The President addressed a so-called "fiscal cliff" looming at the end of the year at a press conference Friday. If Congress does not reach a budget agreement and find a way to cut the nation's debt, automatic budget cuts and tax hikes will go into effect January 1, 2013.
President Barack Obama said he will meet with leaders from both parties at the White House next week. He said he's committed to working with Congress to avoid the fiscal cliff, and open to compromise and new ideas. But if lawmakers can't reach a deal, it's main street America that will feel the impact.
A few weeks ago, Kristina Bergman accepted the role of general manager at a popular Waterloo restaurant.
"It's been fun. Interesting, a lot to learn," she said.
Bergman is learning how to balance the diner's customers and the books. Meanwhile, the concept of sinking back into a recession is on the back of her mind.
"I am a little bit concerned as to how it will impact our books and the end result," she said.
Financial experts like Dave Becker say, she has every right to be concerned.
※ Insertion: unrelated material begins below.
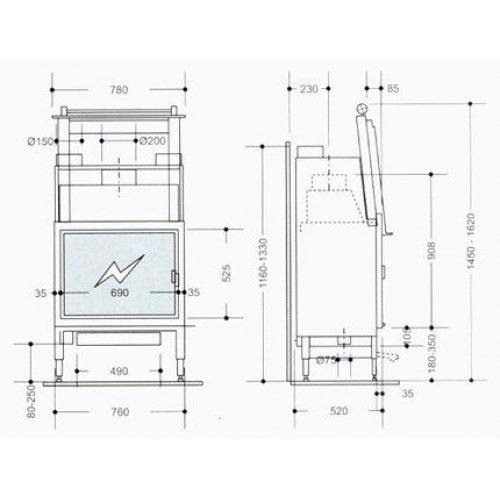 - Топки с подъемной дверцей снабжены противодымной камерой, установленной на заводе

Everyone in Bergman's restaurant -- from the owners, to the workers, to the diners -- would take a hit if lawmakers don't make a change.
"Because we're kind of barely keeping our heads above water, and this would be like throwing a 50 pound milestone on it," said Becker.
Most people believe Congress will act -- it's a matter of whether legislators make a long-term or short-term fix.
"We're kind of at a fork in the road. If we get to a point where we say -- okay, we're going to start dealing with our spending problems, we're going to have a balanced budget, that's a big positive long-term. I think the economy and the market would react positively to that. If we have a situation where we continue to kick the can down the road and put a band aid on the situation, that's a big problem," said Beckman.
With the election behind us, Congress can, in theory, focus on what's best for the country -- and what's best for the folks at the corner diner. But will they?
"I would really hope so. It's not kids on a playground. They should be able to work together. Just like the rest of America has to do," said Bergman.
The President is calling for a tax increase on families making more than $250,000. In Iowa, that would directly impact fewer than 30,000 households. It could hurt many more people indirectly, as the so-called "wealthiest Americans" find ways to make up for their personal shortfall.
Becker said it's hard to put a number on exactly how much more an average family would pay if the Bush-era taxes were allowed to expire. But a non-partisan organization, Tax Foundation, came up with an estimated impact. According to that group, the average Iowan would end up paying about $1,800 more next year in taxes.